Meta also claims that, on an internal benchmark, the SeamlessM4T was able to perform better against “speaker variations” and background noises in speech-to-text tasks compared to the current state-of-the-art transcription models.
“With state-of-the-art results, we believe SeamlessM4T is an important breakthrough in the AI community’s quest toward creating universal multitask systems,” Meta wrote in the blog post.
As with other AI translation systems, there are some forms of bias that make the system imperfect. For example, in a whitepaper published alongside the blog post, Meta reveals that the model “overgeneralizes to masculine forms when translating from neutral terms” and performs better when translating from the masculine reference (e.g. nouns like “he” in English) for most languages.

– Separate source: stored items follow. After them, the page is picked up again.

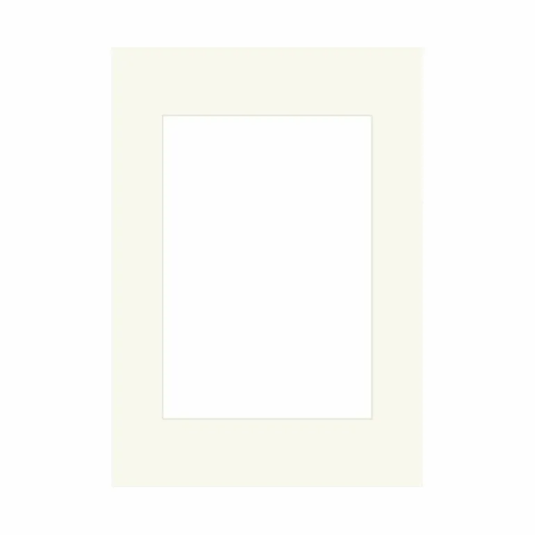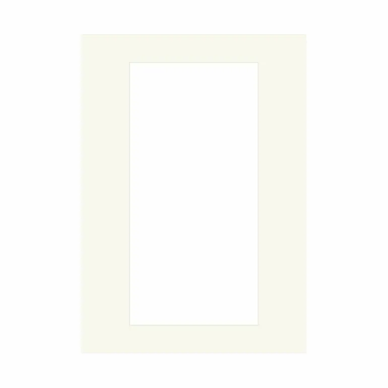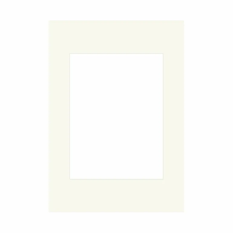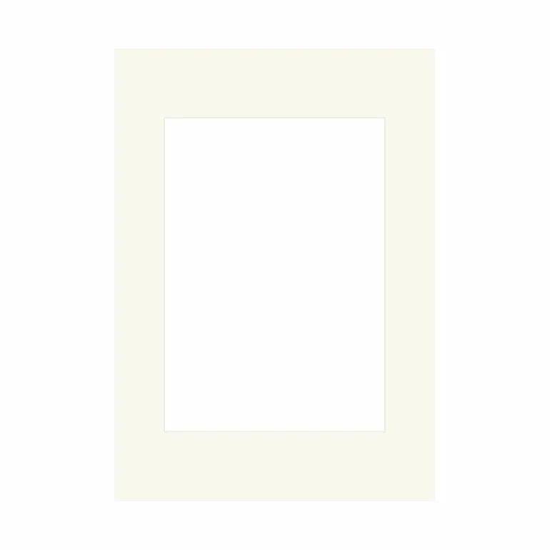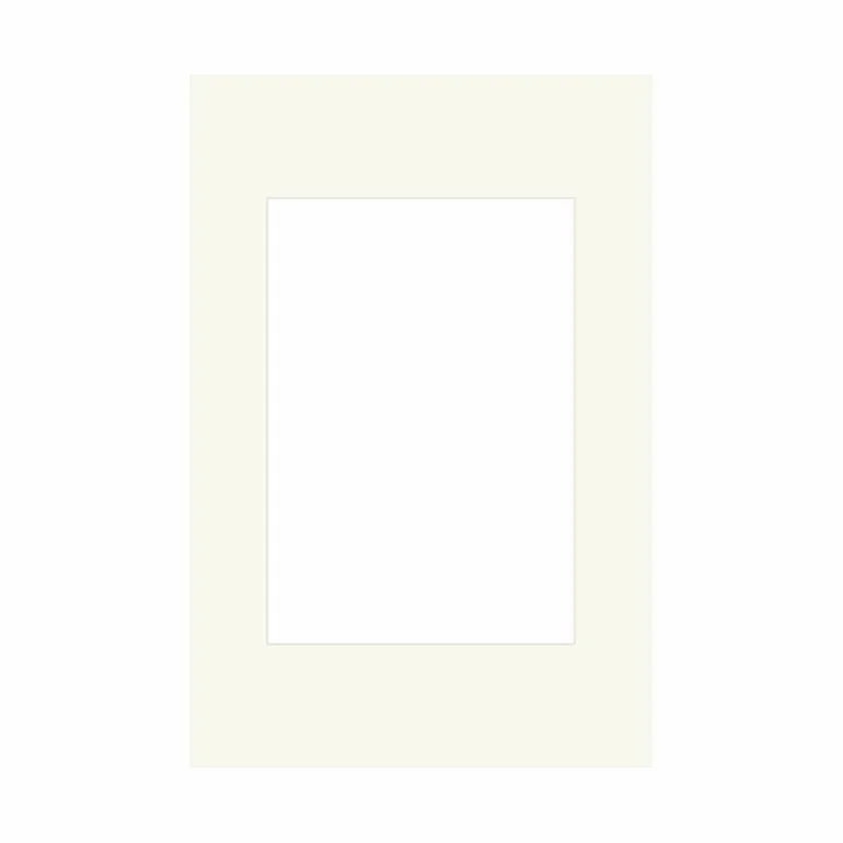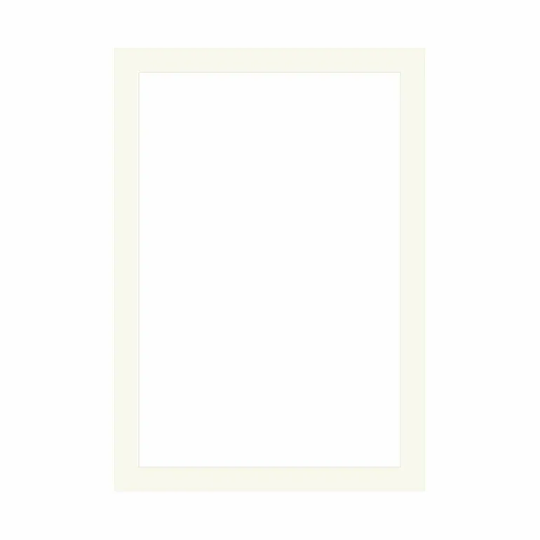 Forsiden af passepartout’en er let varm porcelænshvid med struktur, hvilket gør den velegnet til motiver, der har varme farver og/eller en hvid baggrund, der ikke er kridthvid eller kold hvid.
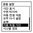 설정" - "공용 설정" - "가용 녹음 시간"을 선택한 다음
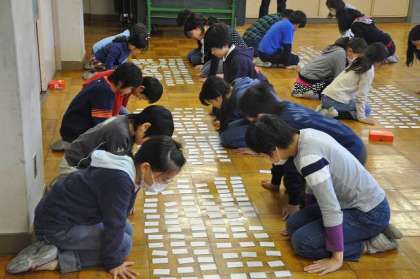 3年生対6年生で百人一首をやりました。どのグループも緊張感のある白熱したゲームになりました。
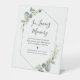 En mémoire d'amour, affiche commémorative mariage. Un design géométrique avec aquarelle feuilles de verdure eucalyptus avec un cadre géométrique élégant. Personnalisez le texte et les couleurs sur ce panneau commémoratif mariage.
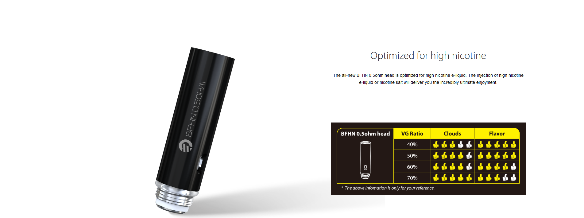 Las nuevas resistencias BFHN de 0.5 ohm están optimizadas para altas cantidades de nicotina. La dosis de nicotina o de sales de nicotina te proporcionará una experiencia satisfactoria.

Additionally, SeamlessM4T reportedly prefers translating the masculine form about 10% of the time — perhaps due to an “overrepresentation of masculine lexica” in the training data.
For this reason, Meta advises against using SeamlessM4T for long-form translation and certified translations such as those recognized by translation authorities and government agencies.
“This single system approach reduces errors and delays, increasing the efficiency and quality of the translation process, bringing us closer to making seamless translation possible,” stated Juan Pino, a research scientist at Meta’s AI research division and a contributor to the project. “In the future, we want to explore how this foundational model can enable new communication capabilities — ultimately bringing us closer to a world where everyone can be understood.”